Istanbul, Ravenna & Venice: The Byzantine Legacy

Written and with photographs by Dr Kathleen Olive

In this photo-essay, Kathleen reflects on her recent impressions of leading our Istanbul, Ravenna and Venice tour. This residential-style itinerary focuses on the glittering achievements of the Byzantine Empire in the Middle Ages, from capitals at Constantinople/Istanbul and Ravenna, to the most spectacular “daughter” of the Empire, Venice.

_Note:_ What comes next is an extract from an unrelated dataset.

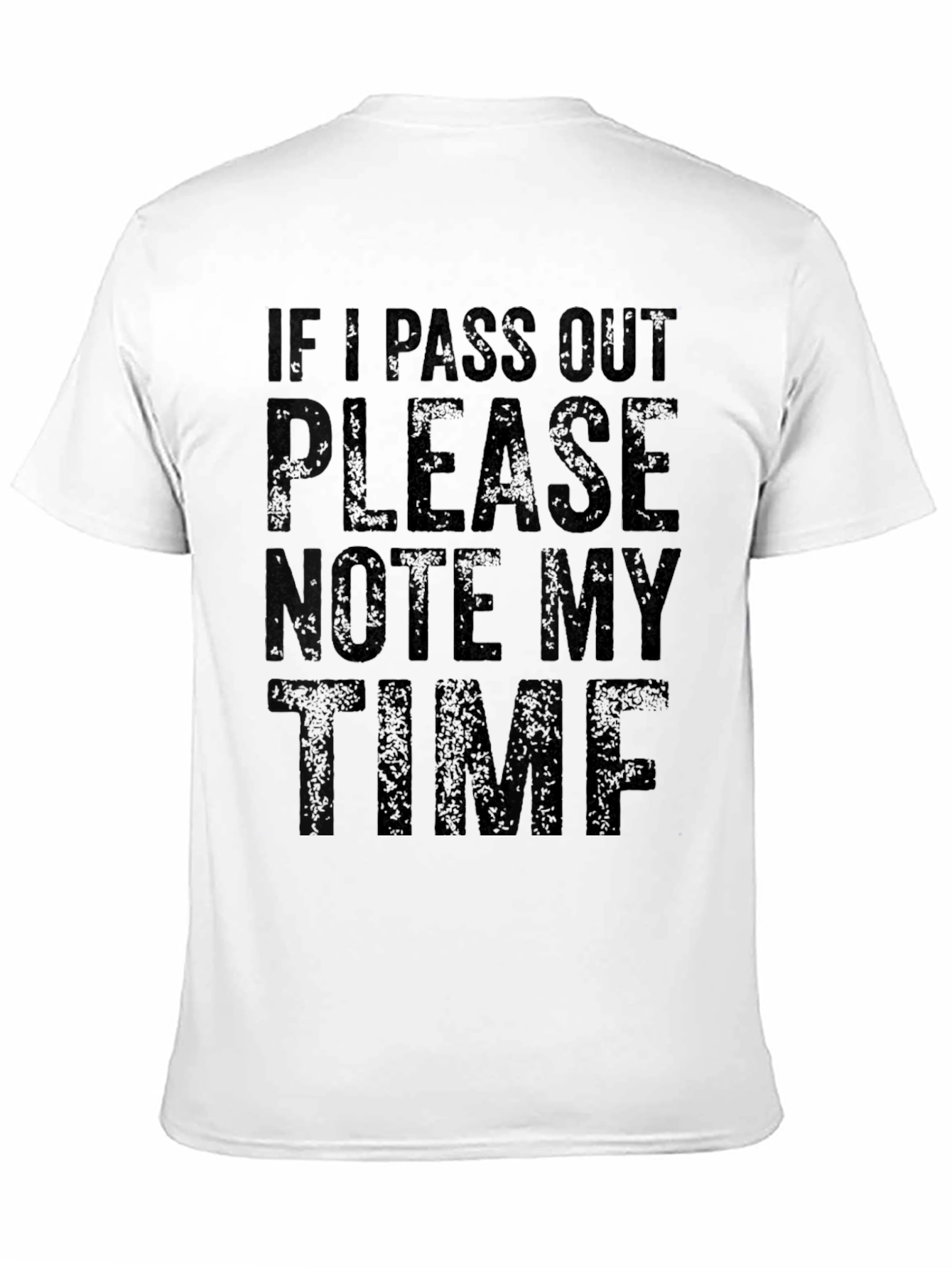 This black t-shirt features a humorous graphic print, "If I Pass Out Please Note My Time". The classic fit and short sleeves make it a comfortable choice for casual wear. The bold text adds a touch of wit to any outfit. It is a great conversation starter, ideal for workouts, parties, or just lounging around. This shirt is perfect for anyone with a sense of humor or who appreciates a funny design. It is a versatile and stylish addition to your wardrobe, sure to get some laughs and turn heads.

Piecing together the puzzle

Limelight Arts Travel’s tour to Istanbul, Ravenna and Venice brings together a number of elements that I love: a residential-style tour is always fun to lead, for example, because you can avoid the worst of the crowds, settle in without constant packing and unpacking, and really get a sense of what makes a place tick. When you’re in a cosmopolitan capital like Istanbul or – the world’s most romantic city – Venice, it’s a particular joy to dive beneath the surface.

I also love an itinerary that follows a strong theme: as a tour leader, it means you’re with a group that shares your close interests. On this occasion, we were looking at the mosaics, frescoes, architecture, sculpture and culture of arguably the most sophisticated power in the Middle Ages, the Byzantine Empire. Given that its best-preserved artefacts are located in precisely these three places, there was a lot of grist for our mill.

And there were some very special experiences in store too, including a private after-hours visit exclusive to our group at both Istanbul’s Archaeological Museum and St Mark’s Basilica in Venice, as well as stand-out meals inside Istanbul’s Spice Bazaar and on Venetian Torcello. Throw in a private cruise up the Bosphorus and some very friendly felines in Istanbul, and this crazy cat lady was in seventh heaven!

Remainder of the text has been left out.